487 What is meant by other methods?
524 Is the means bias value showing some seasonality due to different mixing heights in summer and wintertime? This would mean in summer the MAX-DOAS would not see a larger fraction of the total column compared to wintertime. This could indicate a smaller mean bias in winter than in summer.
Table 2 Can you provide any uncertainty ranges of the R^2?

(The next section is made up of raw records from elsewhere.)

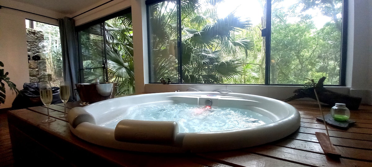 带水疗的玻璃屋。大自然、宁静、景观、海滩
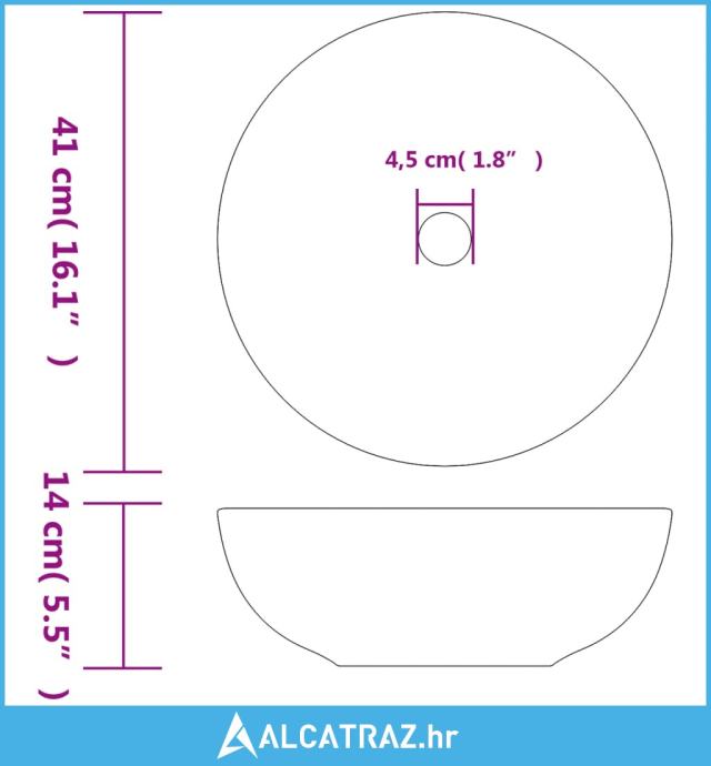 - Ukupne dimenzije: 41 x 14 cm (promjer x v) x V)
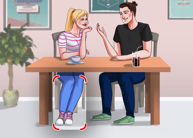 Nếu chú ý kỹ, chân của họ xoay hướng khác, không hướng thẳng về phía bạn, đây là "sự từ chối bằng bụng". Hay theo cách nói thông thường, tôi khó chịu quá rồi đấy. Đổi chủ đề hoặc "next!".
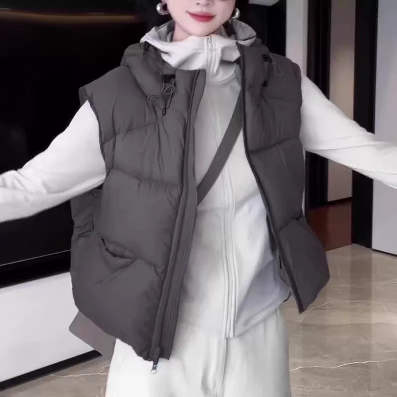 Avropa üslubunda qadınlar üçün qısa pambıq jilet, 2026-cı ilin payız və qış yeni model, böyük ölçü, üst geyim jileti, çiyin çantası, gödəkçə.
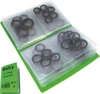 Gevuld met | BABY groen: boekje met O-ringen: |
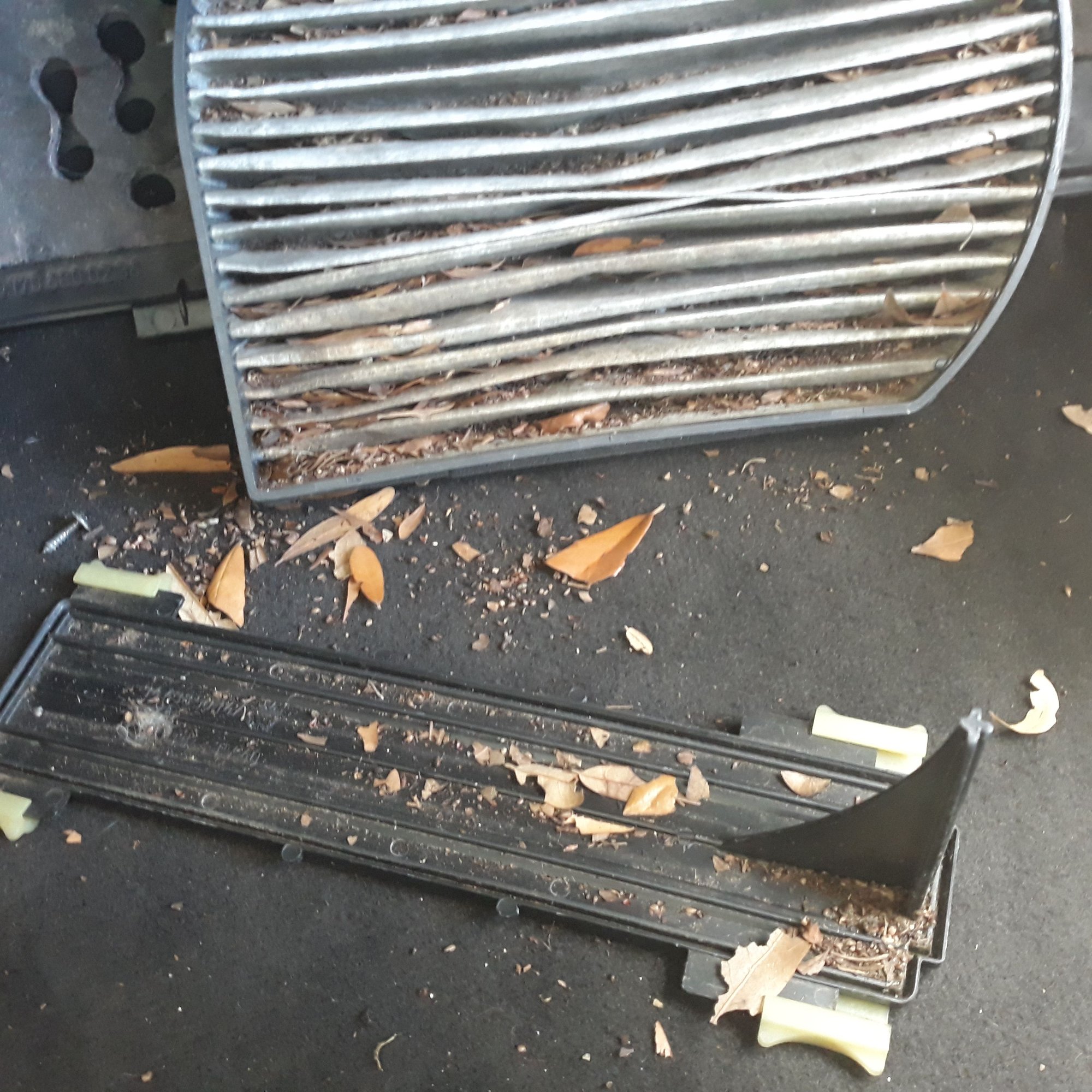 I had the same problem with my cabin filter. I noticed i didn't have much blower pressure with the a/c or heat . When i checked the cabin filter it looked like yours. I'm getting ready to do a power bleed on my brakes and clutch. That's probably not the problem with your brakes pulling but the fluid may be pretty dirty.
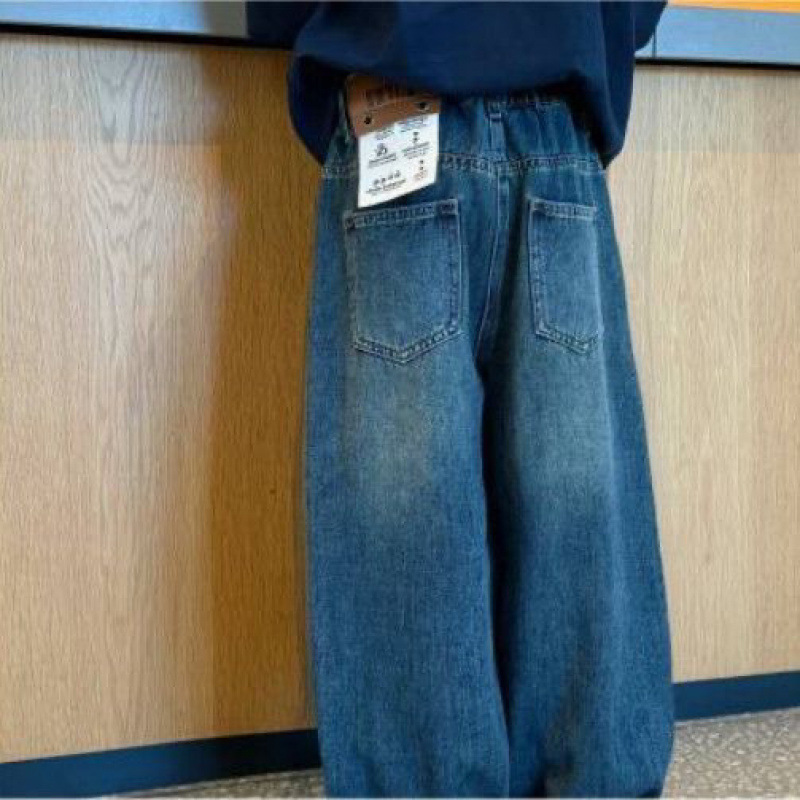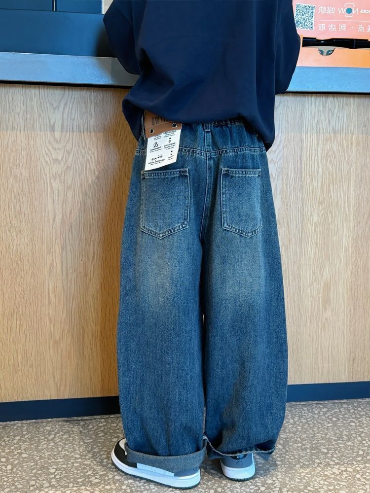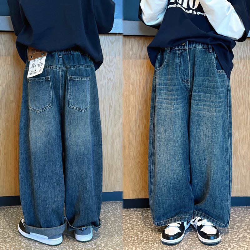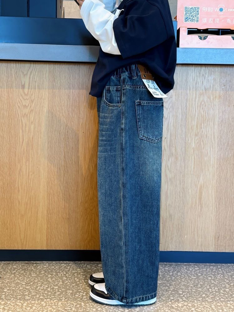 남학생과 여학생의 스트레이트 레그 청바지 느슨한 2025 봄 올매치 학생의 느슨한 긴 다리 맞춤형 어린이 바지스토어 가기

565 is the wrms threshold of 0.001 site-specific or generally applicable? How is this 0.001 related the the wrms threshold of 0.01 reported in Figure10 and on line 265?
575 It would be very interesting to see why so many datapoints are discarded. If this is related to 1 or two quality indicators. I encourage the authors to look into the L2 file, where all the needed information is reported (see example of L2 flag propagation).
Example of L2 flag propagation
The following example uses the direct sun HCHO data (fus5p1-8) from P25s1 at HoustonTX. Starting from left (L0 data amount), the stacked columns represent the errors on the different processing levels:
eL1: error code on the L1 data
eL2Fit : error code on the L2Fit data
eL2 : error code on the L2 data
QF : data quality flag
This gives an overview about the detailed flagging propagation from L0 to data quality category, which is all given in the L2 file of each PGN data product. From this it can be seen that it is one dominating parameter on the L1 side, and two dominating quality indicators on the L2Fit side.
Comment On Quality flags
The quality flags are propagated from L1,to L2Fit,to L2 and end up in the different clusters for high, medium, low data quality, that can be un-assured, assured, or unusable. This means if a single retrieval is identified as low data quality on the L1 side, it cannot be of better quality on higher levels. If the number of dark cycles is already too low, or saturated data occurred already on the L0 side, or the spectrometer temperature is too far away from the characterized temperature in the laboratory, data will be flagged into medium or low quality already. The same applies on higher levels. If for instance the L1 retrieval is of high quality, but the spectral fitting wrms is exceeded due to a spectral signal which cannot be captured by the retrieval polynomials, data can be flagged into the categories based on the threshold which is exceeded.
The thresholds for some of the quality indicators come from the Gaussian Mixture Regression model approach. This approach is applicable to individual datasets, such as P25s1 HoustonTX. However, the PGN flagging does not use instrument-specific flags and uses a PGN average over multiple datasets. This could indeed lead to some datasets flagged to strict and some to weak. Has this approach been tested, to use for instance a HoustonTX-specific treshold of the wrms to not by-parse L1 filter?
More general, the wrms is THE quality indicator of the spectral fitting. By by-parsing this quality indicator as a flagging criteria, potential slant column biases introduced by spectral signals are ignored. The same applies for the unusable category of 20,21,22, which should not be ignored.
On the other hand, there might be quality indicators which are too strict and can lead to a filtering of valid retrievals, which is the motivation of this manuscript. It would be needed to identify those quality indicators. Maybe, there is one or two quality indicators which are responsible for the majority of the filtering of ‘valid’ retrievals. It would be interesting to see if the simple removal of them can already lead to the same effect as the proposed approach.